_EXERCISE PROMPT:_
With the pictures set aside, return the lines below exactly, beginning at the first and ending at the line containing "Дюбель-гвоздь 8х100 пот.".

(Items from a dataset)

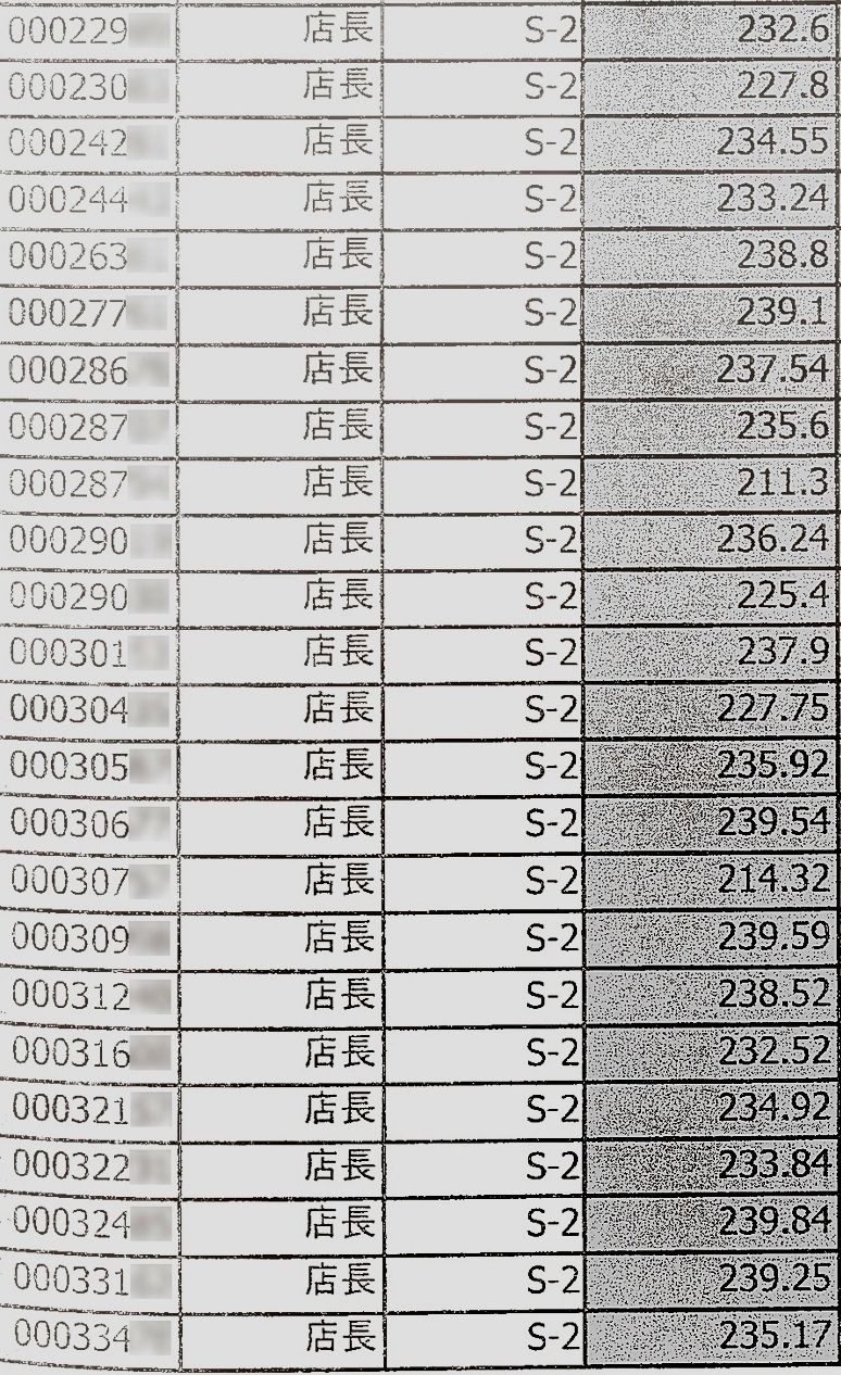 ユニクロが文芸春秋との訴訟で裁判所に提出した、2010年11月の全店長の月間労働時間一覧(下画像参照)によれば、新人店長の労働時間は、ほぼ240時間の上限ギリギリだ。
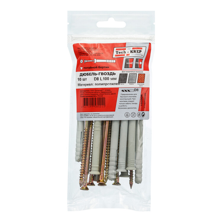 Дюбель-гвоздь 8х100 пот. манжета (полипропилен) (10 шт) - пакет
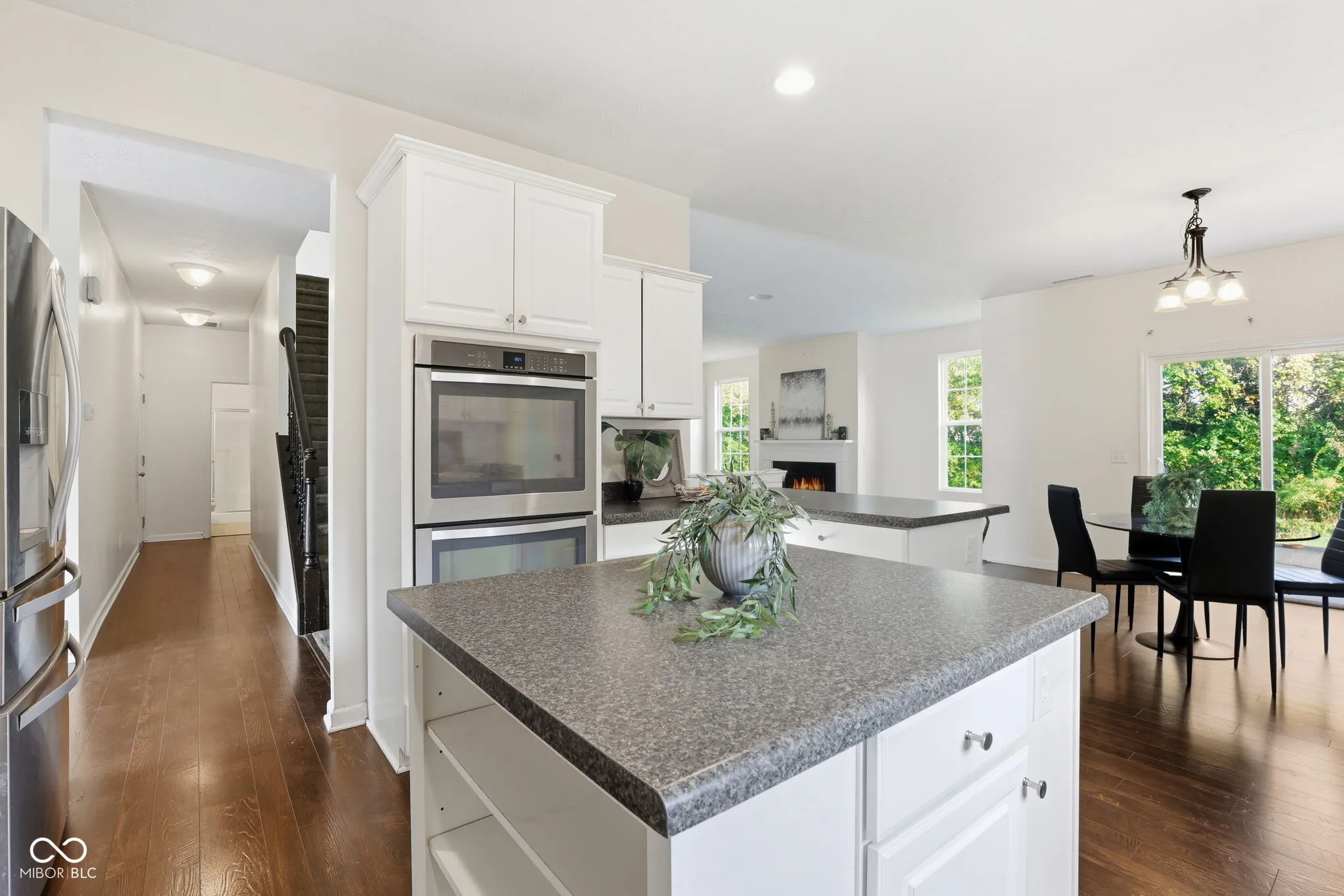 Nestled at 4646 Crosby Buck Dr, Indianapolis, IN, this home in Marion County presents an exceptional living experience. Imagine preparing culinary masterpieces in a kitchen designed for both functionality and aesthetic pleasure; the large kitchen island becomes a central gathering point, while the kitchen bar and peninsula offer additional seating and preparation space, all illuminated by the natural light streaming through the windows, showcasing the shaker cabinets and stone countertops, complemented by the convenience of a double oven and stovetop. The living room offers a space for relaxation and gathering, anchored by a fireplace that promises warmth and ambiance on cooler evenings. Retreat to a bathroom that provides a spa-like experience, featuring a walk-in shower and double vanity, offering both luxury and convenience. The primary bedroom provides an oasis of calm with its tray ceiling, adding an architectural detail that elevates the space. This residence offers five bedrooms and three full bathrooms, along with one half bathroom, thoughtfully distributed across two stories, providing ample space for comfortable living. An open floor plan creates an inviting atmosphere, encouraging effortless movement between spaces. Step outside onto the deck and envision enjoying the expansive 16335 square foot lot. With a living area encompassing 3301 square feet and built in 2017, this home is complete with a walk-in closet, offering significant storage. This 2017 residence promises a lifestyle of comfort and sophistication.
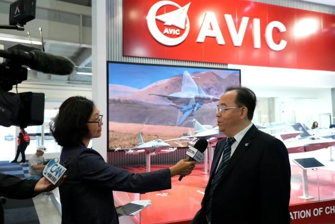 ▲中国航空工业集团巴黎航展代表团团长李清堂接管媒体采访
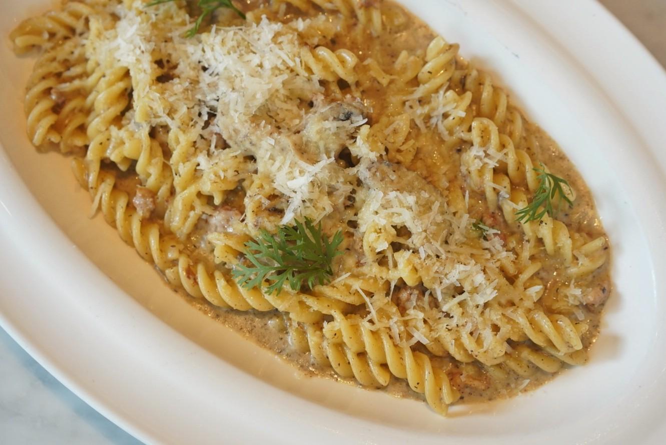 Twisted al dente Italian-imported Barilla Fusilli Tartufati (RMB99) is all about the corkscrewed pasta tossed with pork sausage in a mushroom and truffle cream sauce.
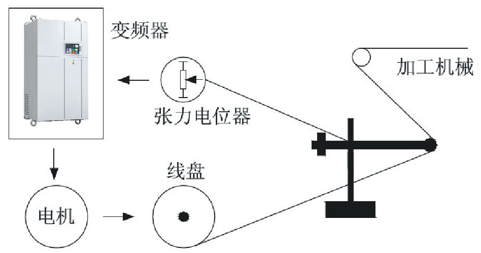 在电线电缆行业中,许多工艺流程都是从放线开始到收线结束,其中放线环节中,怎样克服放线过程中的放线张力不均匀的现象,是许多设备设计工程师与产品控制工程师所迫切解决的问题。在以往的电气设计过程中,电气设计工程师常采用PLC的A/D、D/A模块、张力控制工艺PCB板,通过读起张力摆杆电位器的电位来获得所需求的放线快慢程度,这种保持张力恒定的方法,由于一般情况下采取张力摆杆电位器的信号线及从D/A模块发出的控制变频器速度的模拟信号线过长容易造成信号的失真,再加上不同轴径的收线轮对应着不同的PLC的PID内部调节参数,如PID设定不合适,容易让电气控制下的放线轮处于不稳定状态,最终让张力处于难于恒定的状态,从而影响产品的品质。
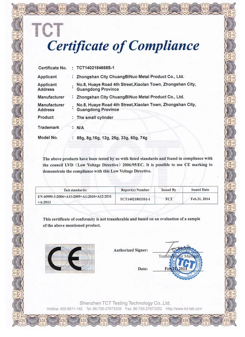 1. Grade: Food grade co2 cartridge
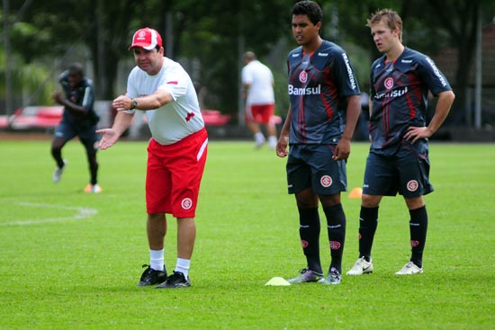 Treinador colorado orienta jogadores no treino desta terça-feira
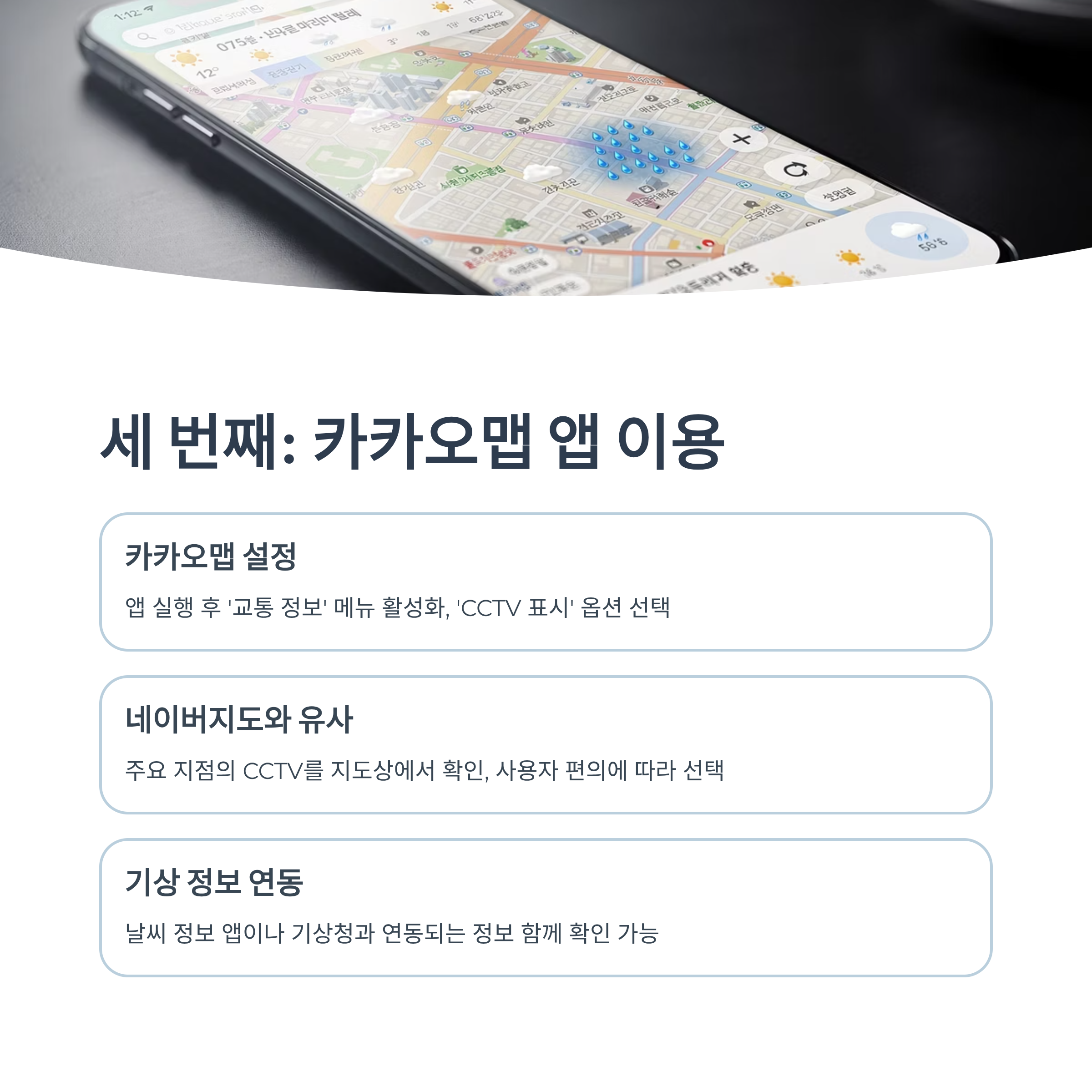 카카오맵 앱을 실행합니다. '교통 정보' 메뉴를 활성화합니다. 'CCTV 표시' 옵션을 선택합니다. 네이버지도와 유사하게 주요 지점의 CCTV를 지도상에서 확인할 수 있습니다.
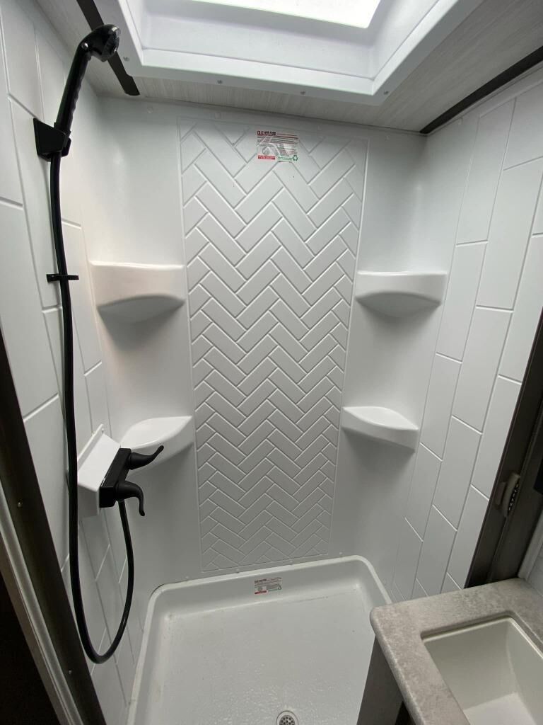 With any Surveyor Legend travel trailer by Forest River you will enjoy quality craftsmanship, convenient amenities, and at-home comforts. The Azdel composite panels provide a longer-lasting trailer, and the power tongue jack will get you back on the road in no-time. Each model includes the Surveyor Legend Package that comes standard with pleated night shades, an automotive style tinted front windshield, a multi-zone Bluetooth stereo, and more. You'll enjoy the one-touch electric awning with LED lights outdoors, plus rooftop solar prep and rear camera prep to make parking easier than ever. The inside will have you feeling right at home with Surf(x) seamless countertops, Congoleum designer carefree linoleum, residential faucets in the bath and kitchen, plus many more essentials you won't want to camp without.
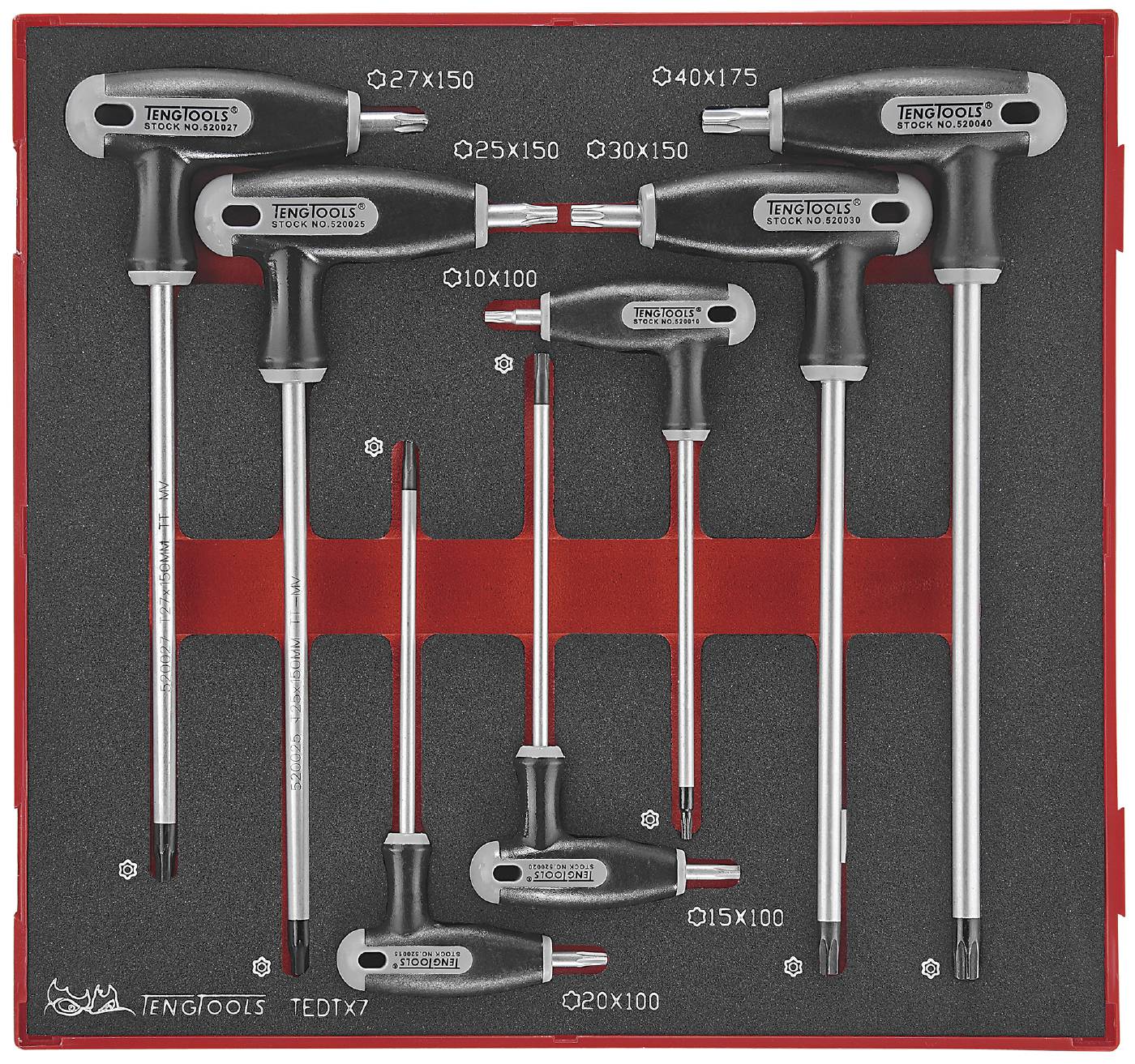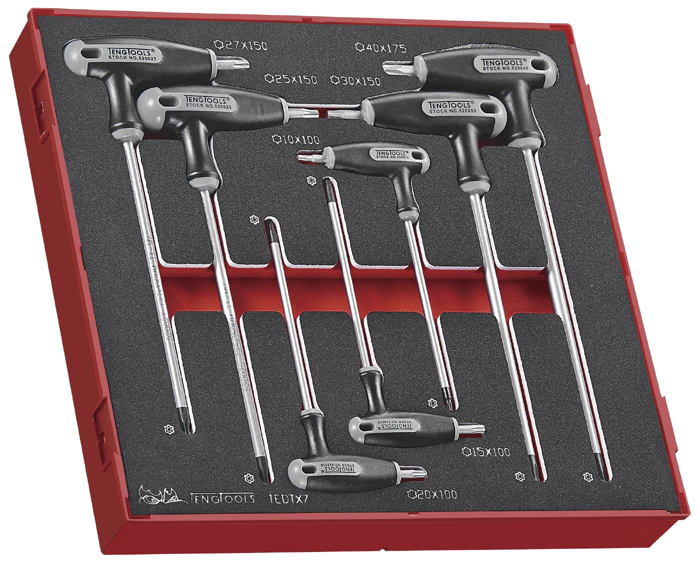 7 deler sett med TX-nøkler med T-håndtak. For innvendige spor i henhold til TX-systemet (den lange nøkkelenden også for skruer med senterspiss).
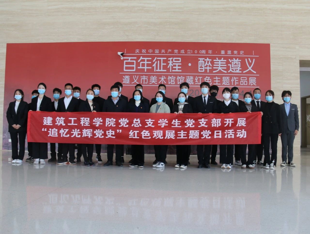 为庆祝中国共产党中国共产党成立一百周年,回顾党的奋斗历史,讴歌党的光辉事迹,2021年3月24日,beat365英国官网网站党总支学生党支部党员代表和20名入党积极分子前往郑州市美术馆,开展了“追忆光辉党史 感受红色文化”主题党日活动。
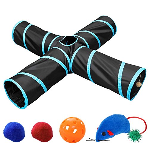 Perfekte Spielzeug für Haustiere: Die 4-Wege Tunnel bietet Ihren Katzen mehr Möglichkeiten zu spielen als eine einfache, gerade Tunnel, mehr interaktiven Spaß als Katze Zelte, Würfel, kratzplätze, Federn, und Maus Spielzeug.
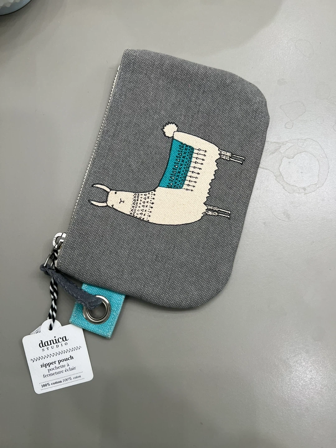 Super cute Danica Studio zipper pouch with a fun llama design! It's made of 100% cotton and is perfect for keeping your essentials organized. Great for small items!
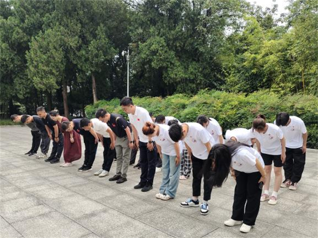 在革命烈士紀(jì)念碑前,社會(huì)實(shí)踐小分隊(duì)全體成員排著整齊的隊(duì)伍莊嚴(yán)肅立、集體鞠躬,表達(dá)對(duì)革命先烈的無(wú)限崇敬和沉重哀思。隨后,大家跟隨講解員的腳步進(jìn)入展館。館內(nèi)的歷史照片、斑駁兵器、泛黃書稿、生活用品和戰(zhàn)斗故事等,再現(xiàn)了鄂豫皖蘇區(qū)波瀾壯闊的革命歷史,記錄了潘忠汝、吳煥先等為中國(guó)革命“拋頭顱,灑熱血”革命英烈的崢嶸歲月。走出展廳,站在英烈廣場(chǎng),全體成員舉起右拳,用鏗鏘有力的聲音,莊嚴(yán)宣誓,再次重溫了矢志不渝的忠貞誓言。
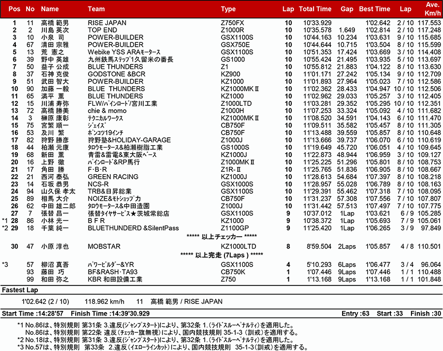 D.O.B.A.R.-2/ZERO-2(決勝)Weather :晴れ Track :ドライ[▲TOP]
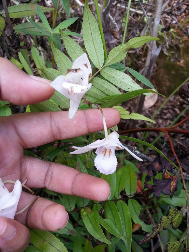 Yang satu ini disebut Arundina Graminifolia dengan bunga didominasi warna putih. Bibir bunganya unik membentuk corong dengan tepian ungu melebar keluar. Dan didalamnya berbercak kuning dan kecoklatan membentuk garis ke pangkal bibir.

_ANSWER:_
 ユニクロが文芸春秋との訴訟で裁判所に提出した、2010年11月の全店長の月間労働時間一覧(下画像参照)によれば、新人店長の労働時間は、ほぼ240時間の上限ギリギリだ。
 Дюбель-гвоздь 8х100 пот. манжета (полипропилен) (10 шт) - пакет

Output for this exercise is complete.